Das Problem: Die Patch-Lücke im mobilen Alltag
Mobile Browser wie Google Chrome oder Microsoft Edge sind die meistgenutzten Anwendungen auf geschäftlichen Android-Geräten. Genau das macht sie zum primären Angriffsziel. Schwachstellen wie die sogenannte MultiApp-Schwachstelle zeigen, wie verwundbar die Systeme sind. Angreifer können über manipulierte Webseiten Schadcode einschleusen, Daten abgreifen oder die Kontrolle über das Gerät übernehmen.

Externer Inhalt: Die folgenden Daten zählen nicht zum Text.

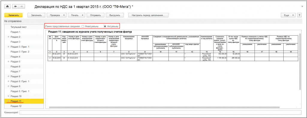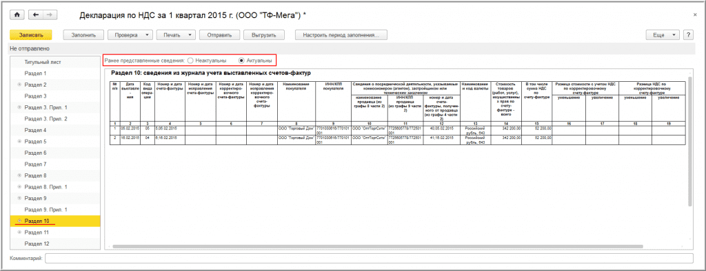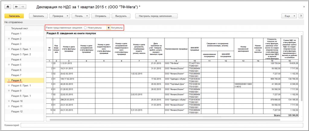 Если налогоплательщик все-таки пожелает повторно выгрузить в составе уточненной декларации все сведения из раздела 8, то он должен проставить отметку для значения Неактуальны (рис. 15).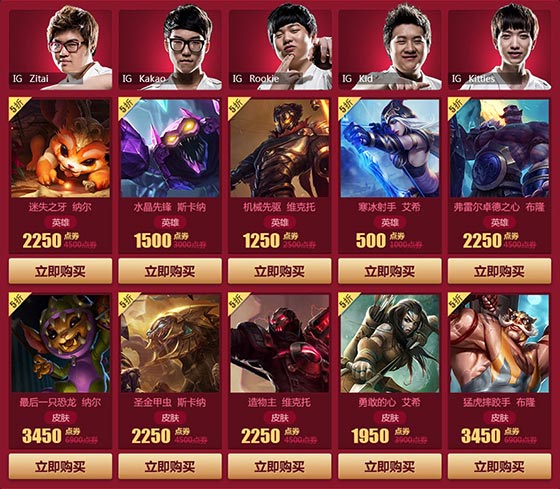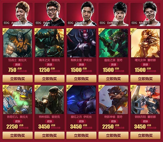 同时我们也选出两队的出征阵容进行半价优惠活动,以回馈给广大关注并支持LPL战队的玩家。

Das Hauptproblem für IT-Verantwortliche ist der Zeitfaktor. Wird eine Zero-Day-Lücke bekannt, dauert es oft Tage oder Wochen, bis Google, die Gerätehersteller (wie Samsung oder Xiaomi) und schließlich die Mobilfunkanbieter die Sicherheitsupdates an alle Endgeräte ausgerollt haben. In dieser Phase sind Unternehmensdaten schutzlos.
Die Lösung: Virtuelles Patchen mit Lookout MTD
Hier setzt die Mobile Threat Defense (MTD) von Lookout an. Anstatt auf den offiziellen Betriebssystem-Patch zu warten, bietet Lookout einen proaktiven Schutz.
Damit schließen Unternehmen die gefährliche Sicherheitslücke zwischen dem Bekanntwerden einer Schwachstelle und dem tatsächlichen System-Update.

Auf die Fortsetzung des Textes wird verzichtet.